*Exercise prompt*
Restate word for word the lines of the listing below, from its first line through the line with "जिले के युवाओं", without the pictures.
BEGIN Input
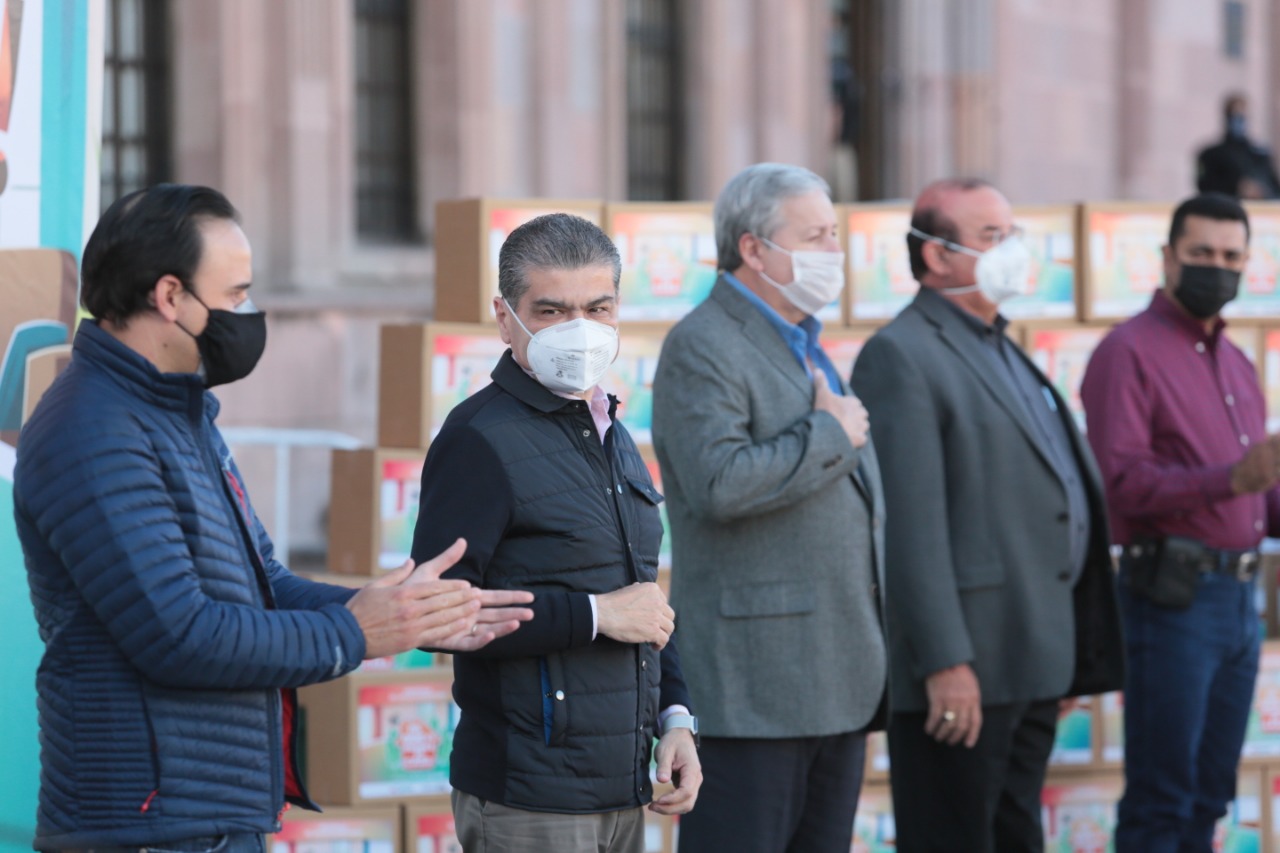 El Alcalde de Saltillo, Manolo Jiménez Salinas, reconoció la labor del gobernador Miguel Riquelme en beneficio de los grupos más vulnerables, así como el arranque de este programa de apoyo alimentario.
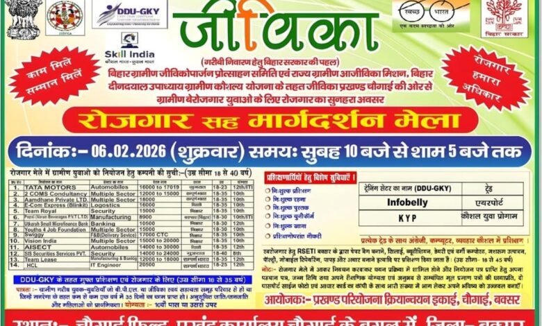 जिले के युवाओं के लिए रोजगार पाने का सुनहरा अवसर 06 फरवरी 2026 को प्रखंड कार्यालय चौगाई के समीप आयोजित रोजगार सह मार्गदर्शन मेला में मिलने जा रहा है। जीविका के माध्यम से दीन दयाल उपाध्याय ग्रामीण कौशल्य योजना (DDU-GKY) अंतर्गत आयोजित इस मेले का शुभारंभ जिला पदाधिकारी बक्सर द्वारा किया जाएगा।
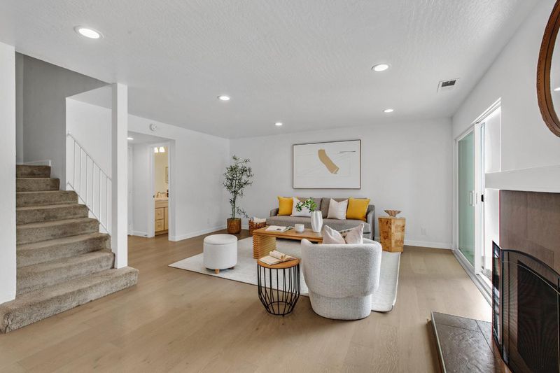 MUST SEE! Updated townhome in a highly desirable Sunnyvale community served by top-rated Cupertino schools. A beautiful courtyard entry opens to a bright, open floor plan featuring a spacious living room with tiled fireplace, recessed lighting, and large sliding doors leading to a landscaped backyard and deck. The modern kitchen offers Shaker-style cabinetry, quartz countertops, stainless steel appliances, pantry, and breakfast bar, with an adjacent dining area. The primary suite includes plush carpeting, sleek closet doors, and treetop views, complemented by an updated bath. Full size washer and dryer hook up. Unique spacious backyard. Attached 2 car garage with extra storage above the garage antic and more! Don't miss this!
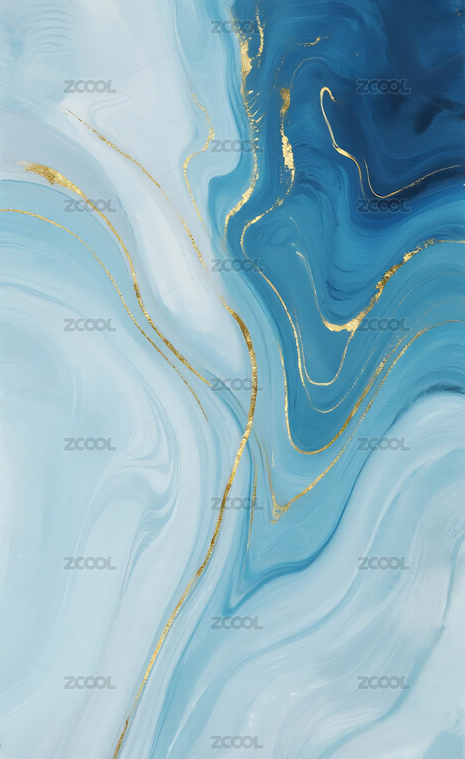 梦幻流动的蓝金抽象艺术
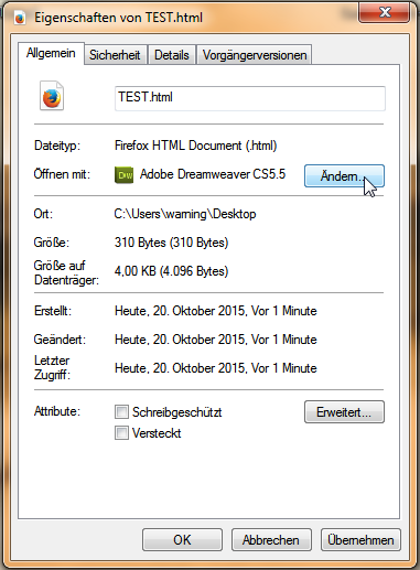 Na ja, Schade. Ich hatte zwar weiter oben vermerkt, dass "meine HTML-Dateien ... standardmäßig mit meinem Brauser (Firefox) geöffnet" werden, wie in Ihrer zweiten Grafik dargestellt ist. Aber wenn wir da zu keinem Konsens kommen können ...Re: Verschiedene Fragen ...Hallo hdamm,
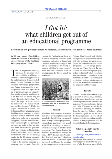 "An study among 1,564 children from Cambodia, Thailand, and the Philippines tested the increase of knowledge among viewers of the Southeast Asian programme "I Got It". Initiated by why the Goethe Institutes in Southeast Asia, this first regional knowledge programme for children was produced in 9 Asian countries (Brunei, Indonesia, Cambodia, Laos, Malaysia, Myanmar, the Philippines, Thailand, and Vietnam). According to the conclusion, "the study shows that children get something out of the programme. They get more out of some episodes than others, but the tendency is clear: knowledge programmes enrich children’s lives, especially if they provide new facts and insights, give visual form to things which are not usually visible, and thereby foster a more complex understanding of familiar things." (commbox)
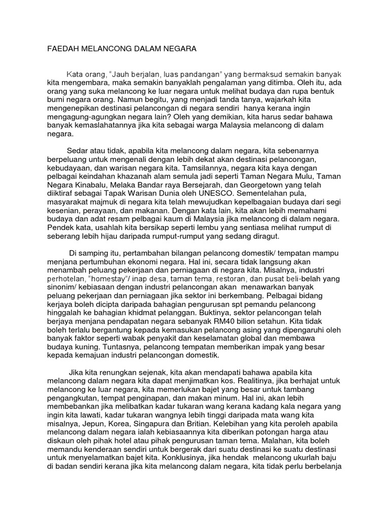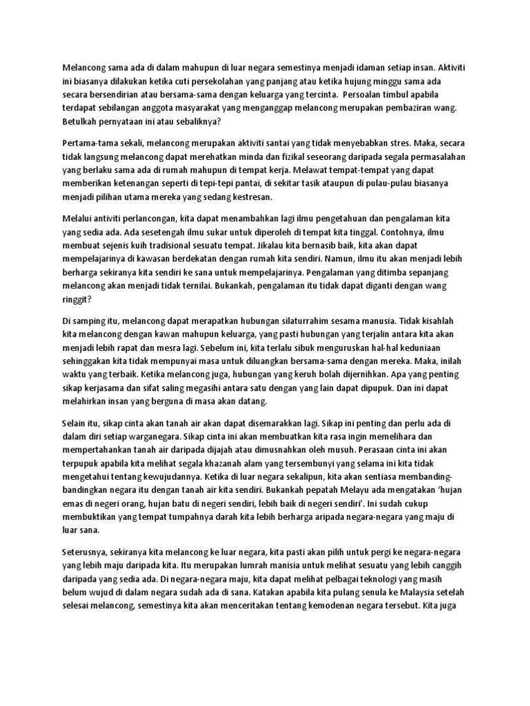 Kebaikan Kebaikan Melancong Docx Karangan Spm Kebaikan Kebaikan Melancong Ramai Orang Akan Pergi Melancong Bersama Sama Dengan Keluarga Course Hero
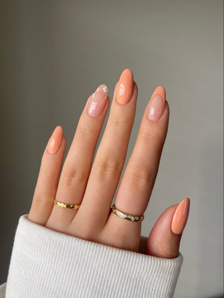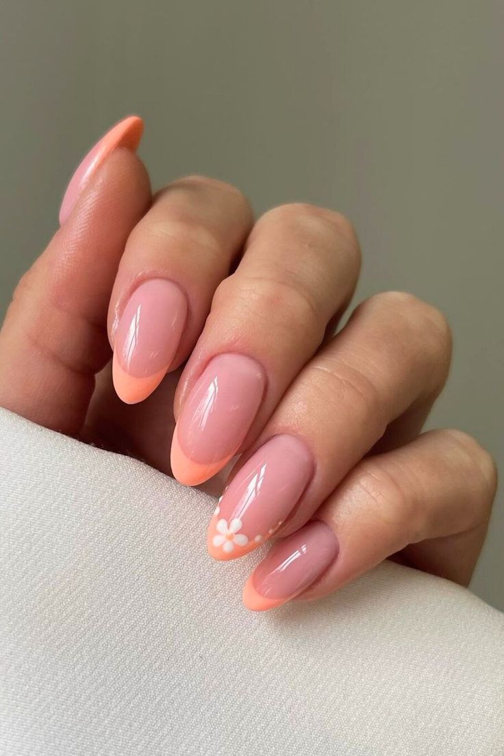 Warm peach French tips fade softly over a natural pink base, with a subtle floral accent nail. The design feels minimal, fresh, and softly elegant.
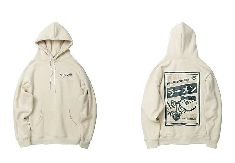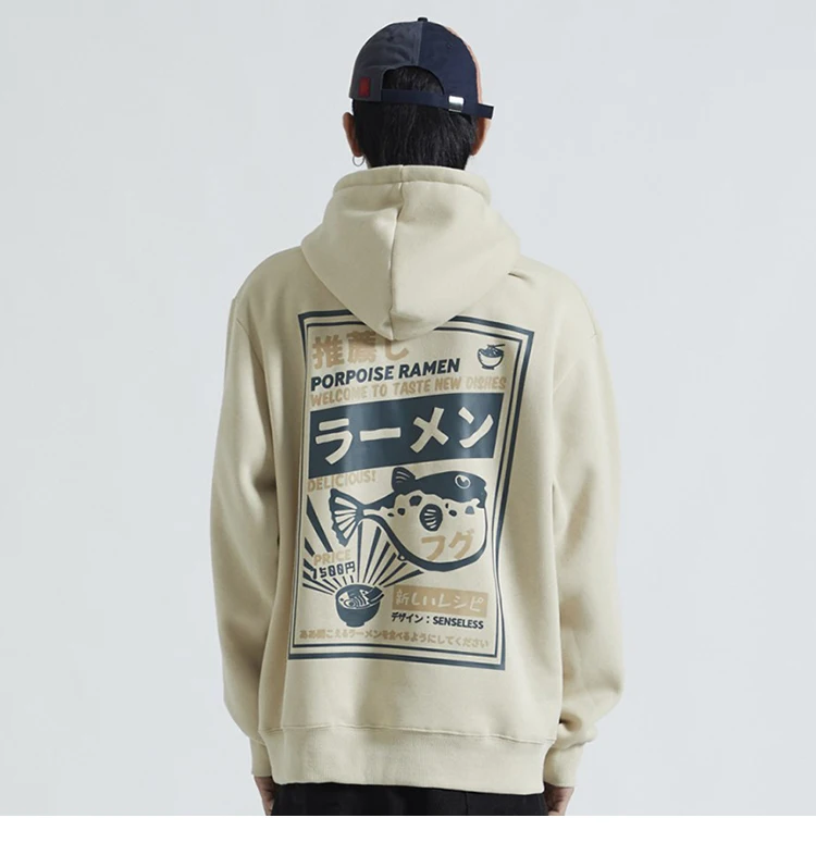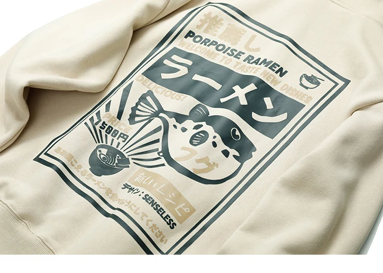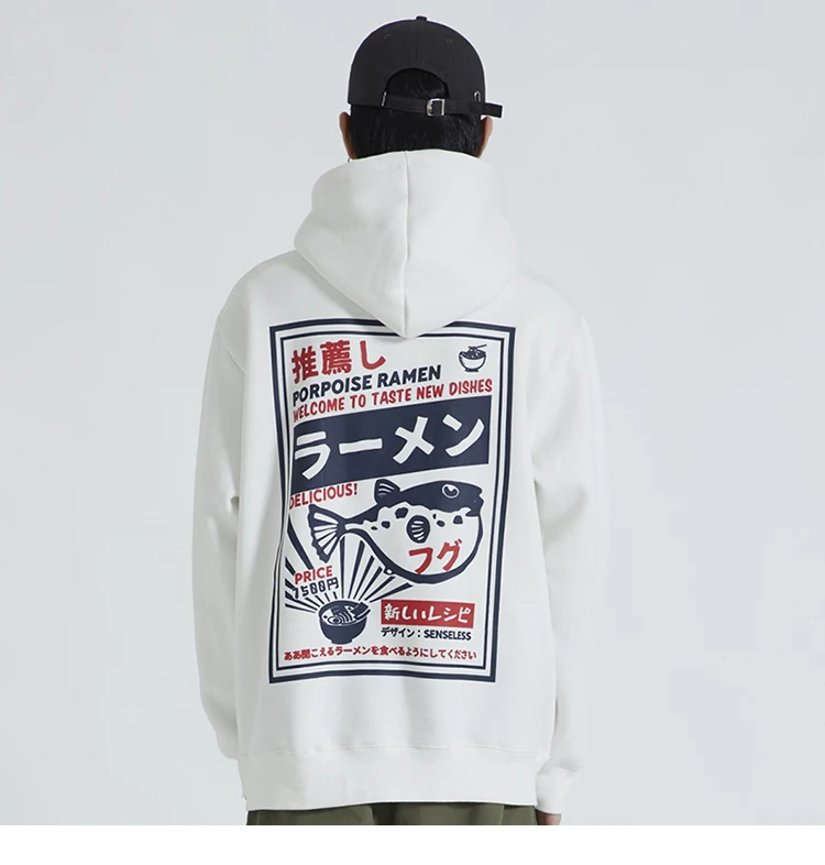 2019 Japanese Harajuku Hoodie Sweatshirt Puffer Fish Print Mens Streetwear Hip Hop Hoodie Pullover Cotton New Hooded Sweatshirt
END Input
*Exercise answer*
 El Alcalde de Saltillo, Manolo Jiménez Salinas, reconoció la labor del gobernador Miguel Riquelme en beneficio de los grupos más vulnerables, así como el arranque de este programa de apoyo alimentario.
 जिले के युवाओं के लिए रोजगार पाने का सुनहरा अवसर 06 फरवरी 2026 को प्रखंड कार्यालय चौगाई के समीप आयोजित रोजगार सह मार्गदर्शन मेला में मिलने जा रहा है। जीविका के माध्यम से दीन दयाल उपाध्याय ग्रामीण कौशल्य योजना (DDU-GKY) अंतर्गत आयोजित इस मेले का शुभारंभ जिला पदाधिकारी बक्सर द्वारा किया जाएगा।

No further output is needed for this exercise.